Building a Syllabus for your Startup

I remember the days in college when you’d show up on that first day of the semester and get handed your syllabus for the semester (I know, I’m dating myself as now those get published online and emailed out.) But that first day of the semester was really a way to frame out the objectives of the course – what you needed to learn, what you were prepping for and when you’d be expected to show off what you’d learn.

This made it pretty simple to drop the key dates and assignments into your calendar and prepare for the four months ahead (so you’d hopefully ace that final exam.) Recently as I was preparing a syllabus for a class I was teaching at Georgetown, I realized that this process of creating my course syllabus was actually really applicable to starting a business. Eureka – the startup syllabus.

For those of us in the “starting up” phase of the business, the reality should be that you are focused on learning – figuring out what you know, what you don’t know and what you wish you knew. And much like a college course on Milton, Astro-physics or Leisure Studies, it can be very helpful to map out what you want/need to know so that you can create a plan to learn it.

Seems easy enough, right? Sadly, I often find myself racing to do rather than focused on what I need to know. And that’s why I decided to create my own syllabus – a weekly set of questions I’d like to answer with a plan associated with each to help answer that. I’ll admit it’s a bit different that your typical syllabus because as you learn something, it might affect the next thing you want to answer – but still it’s a rough schedule to follow.

Here’s how I went about writing my own syllabus.

  1. Do this with a partner. It’s great to create this “syllabus” yourself, but if you can do this with a business partner, advisor or your spouse, you’ll each push the other person to really nail the questions you’d like to know. For me, I found a group of Georgetown students willing to go through this with me – and it’s been amazing to have a smart group to talk to weekly and map out the questions and the answers.

  2. Write out a list of questions. It can be general knowledge about your sector or more specific regarding user acquisition costs from a particular channel. But basically you are laying out a key list of questions. I’ve found the Business Model Canvas to be a helpful guide to help focus the questions on what’s useful or key for the business – but it doesn’t really matter, just use something to help frame the questions you’d like to know. You can start with an open white board and brainstorm the questions.

  3. Assign a question to a week – and limit this plan to 45-60 days initially. You need something to focus on because you can’t just dive into every facet, so rank your questions by most important or most interesting to least important or least interesting. Then assign them to that week. Write this down in your calendar. We used Roman Voting to decide what was most interesting and when to tackle it – and crafted an 8 week plan.

  4. Come up with a plan to answer the question. This may seem difficult or challenging, but turns out if you can ask the question, then there is probably someone who can answer it. Find those people and get time on their calendars. Or run an experiment using a survey, an A/B test or whatever. Just figure out how to give yourself some insights into that question. My group has started with an overall “what do we need to do to answer this” and then broken it down among the group. Divide and conquer…

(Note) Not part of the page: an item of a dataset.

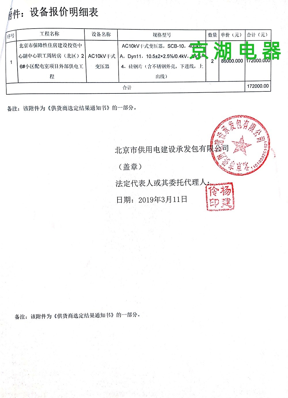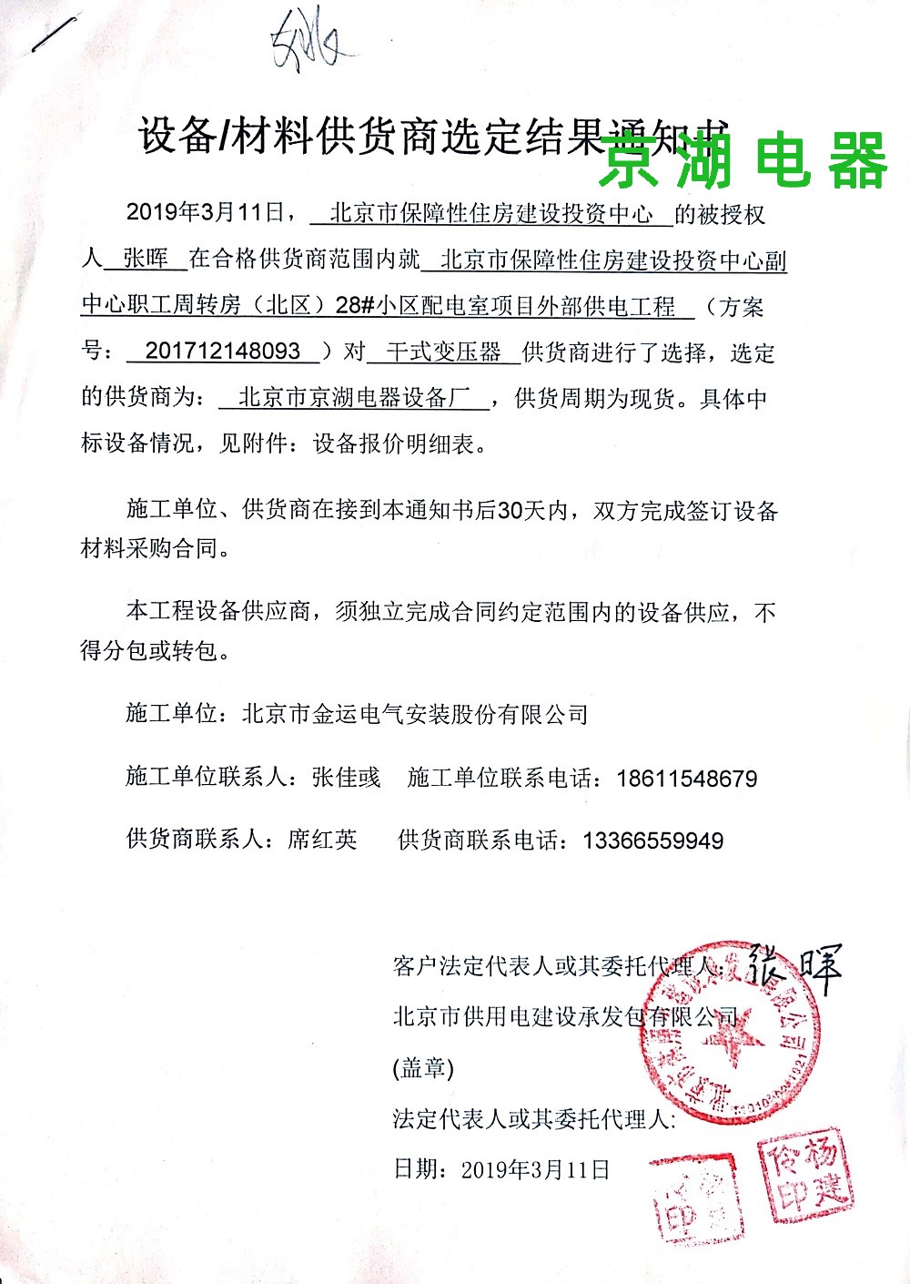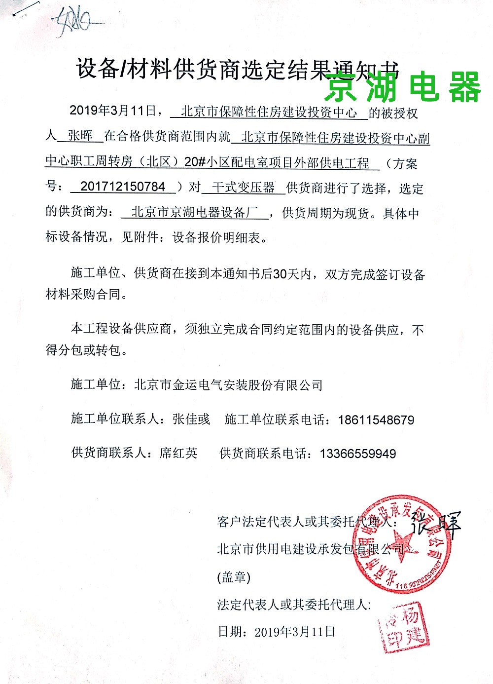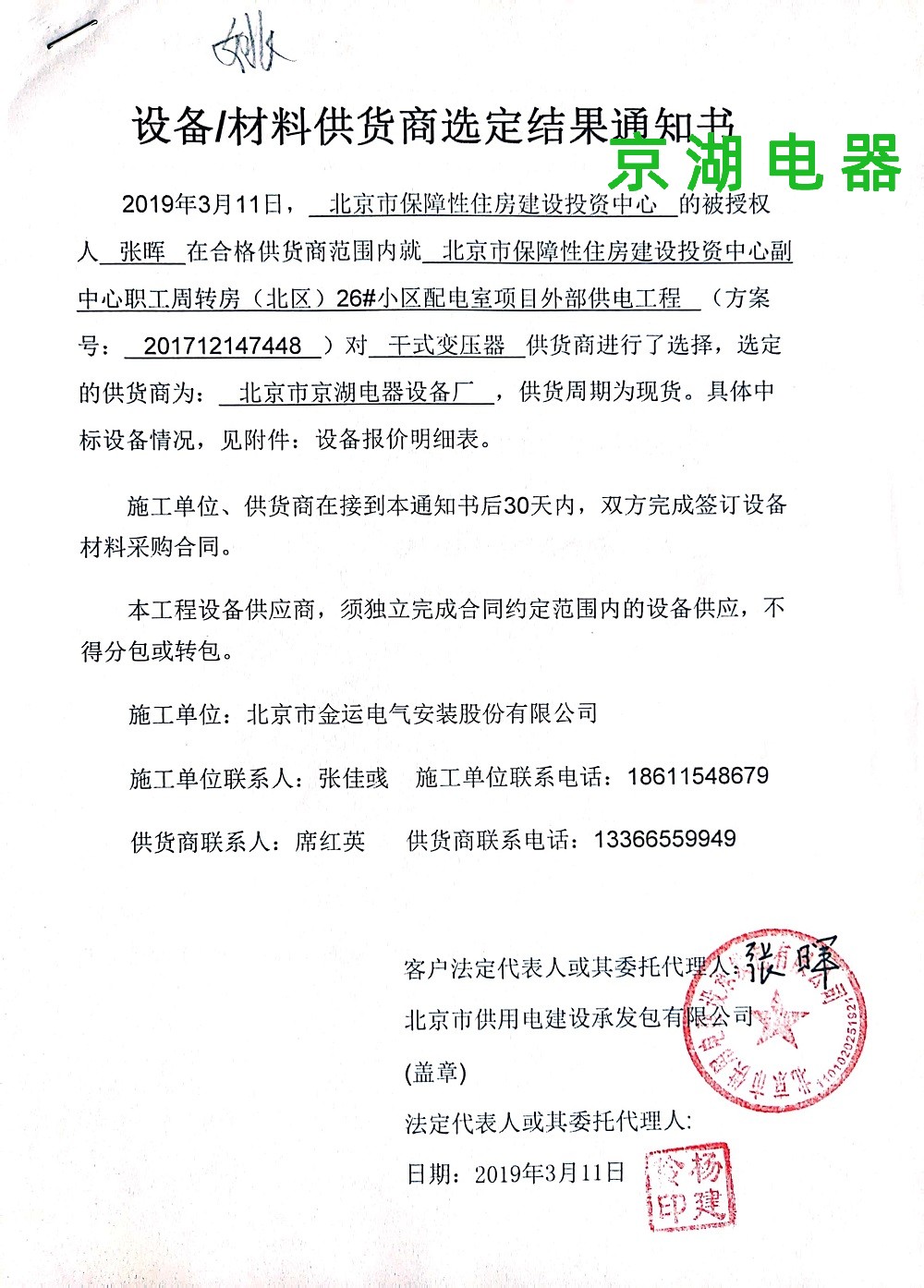 北京市保障性住房建設投資中心 供應商選定結果通知書 2019年3月11日

  5. Present the findings weekly to someone. Again, this doesn’t have to be something formal, but more the act of presenting it can be incredibly helpful. My spouse Allison is incredibly thoughtful and pushes me beyond the obvious – so I use her to run things by. But again, this can be an advisor, a friend, a business partner or anyone you trust. The key is cadence – regular and routine makes you feel like you are checking off boxes and getting closer to an answer.

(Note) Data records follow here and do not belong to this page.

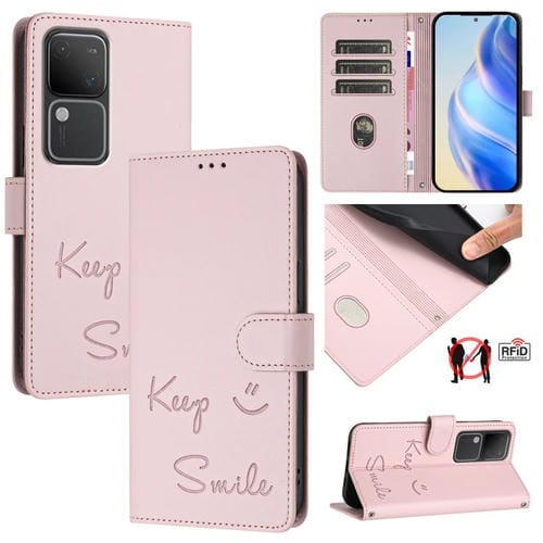 Funda de Cuero Rfid con Relieve de Sonrisa Global para Vivo V30 Pro 5G (Rosa)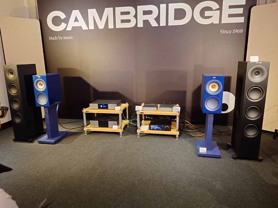 This was the first time I saw a full room dressed in Cambridge’s new branding, and they clearly wanted it to stick in my mind. The EXN100 streamer and EXA100 amplifier were paired with KEF’s Q11 Meta floorstanders, and the EVO 150 SE all-in-one took turns driving a pair of bright blue KEF R3 Metas. Cambridge also had their AXE entry-level separates and Melomania headphones on display all the time around the sides. Nice vibes.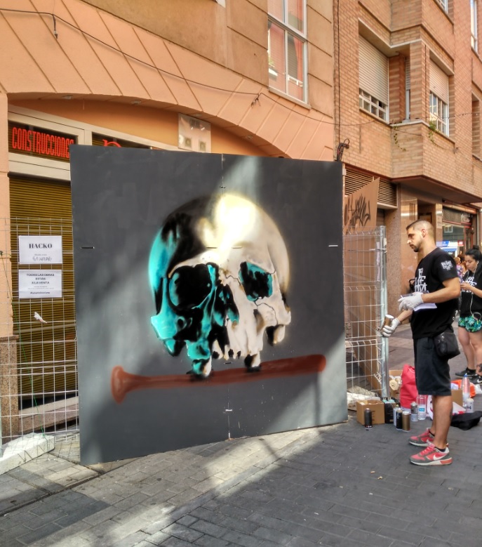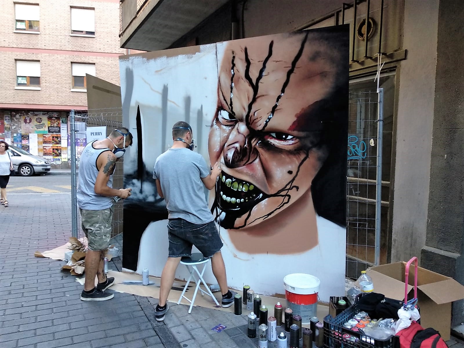 Durante las dos jornadas de la Muestra, sábado 1 y domingo 2 de Septiembre, se juntaron en esa calle más de 25 artistas entre tatuadores, muralistas y músicos, mostrando en vivo y en directo lo que mejor saben hacer, puro arte. De entre tanto talento, quedaron para la posteridad unas obras de mucha calidad, que formarán parte de la Exposición de Arte Urbano a través de los bares.
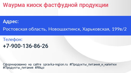 Wаурма, киоск фастфудной продукции по адресу Ростовская область, Новошахтинск, Харьковская, 199в/2 в дальнейшем Организация, размещена в следующих категориях: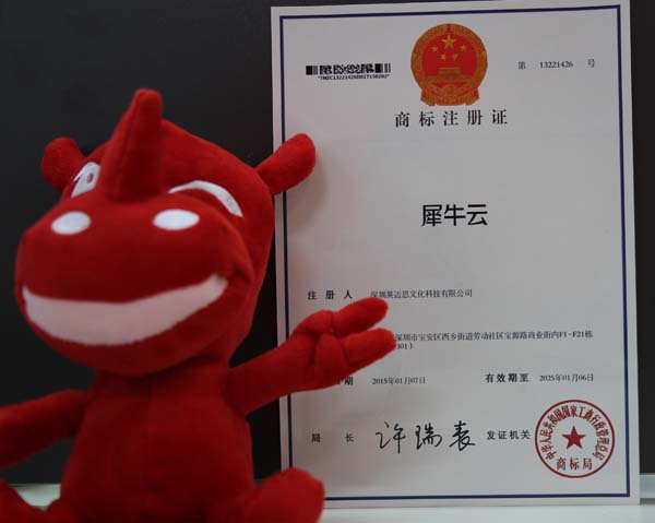 2015年3月3日,犀牛云事业部正式接收到由中华人民共和国国家工商行政管理总局颁发的关于“犀牛云”42类商标的商标注册证!自此,以“犀牛云”为注册商标的犀牛云旗下产品 网赢战车 将继续发力互联网,为广大企业开启移动互联网营销新时代!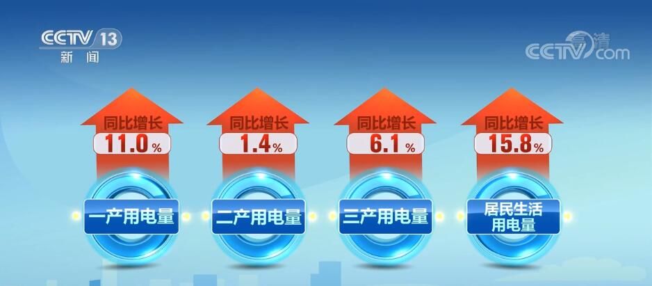 从用电情况看,1—8月,全社会用电量同比增长4.4%,其中,一产、二产、三产和居民生活用电量同比分别增长11.0%、1.4%、6.1%和15.8%;8月份,全社会用电量同比增长10.7%。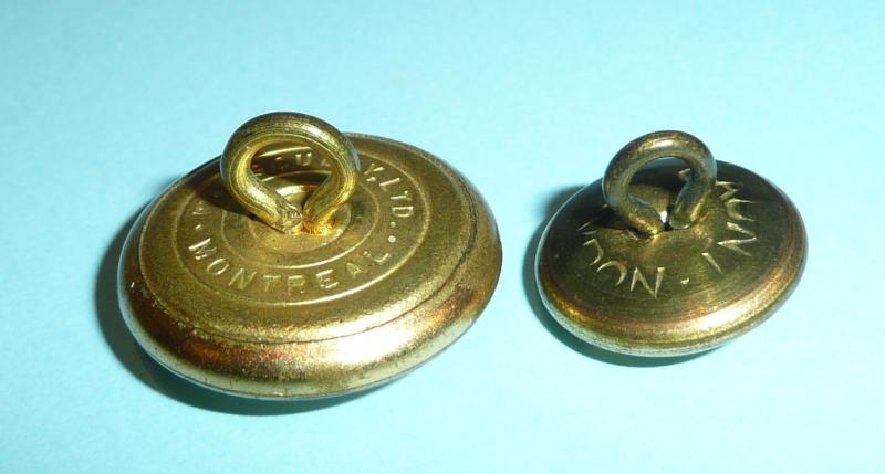 Circa 25mm and 18mm in diameter, fixed shanks, maker marked DWm Scully Montreal and Gaunt London respectively. Gilt bright, slight colour variation given different makers.

It’s hard to figure out what to do next, when to do it and how to keep moving forward. But I’ve found that a startup idea is very similar to a college course – you are trying to discover answers to open questions. So simply imagine your startup idea or business concept is a class – where you are responsible for learning everything you need to get an A at the end. If you structure your time and your energy around answering the key questions you’d want to know for a course, you’ll find that it helps focus you and give you a clear path. I’ve found scheduling a weekly meeting with a few core people – just as if this was a class – helps you stay focused and on task each week.

Build your startup syllabus. It’s been a huge help for me. Anyone else had any luck with that approach?


Side Note: There are more formal programs out there like the Lean LaunchPad, NEXT powered by Startup Weekend or Lean Startup Machine. Those work great as well and in some ways utilize similar principles. For those people that don’t have access to those formal programs, this is a great alternative to consider.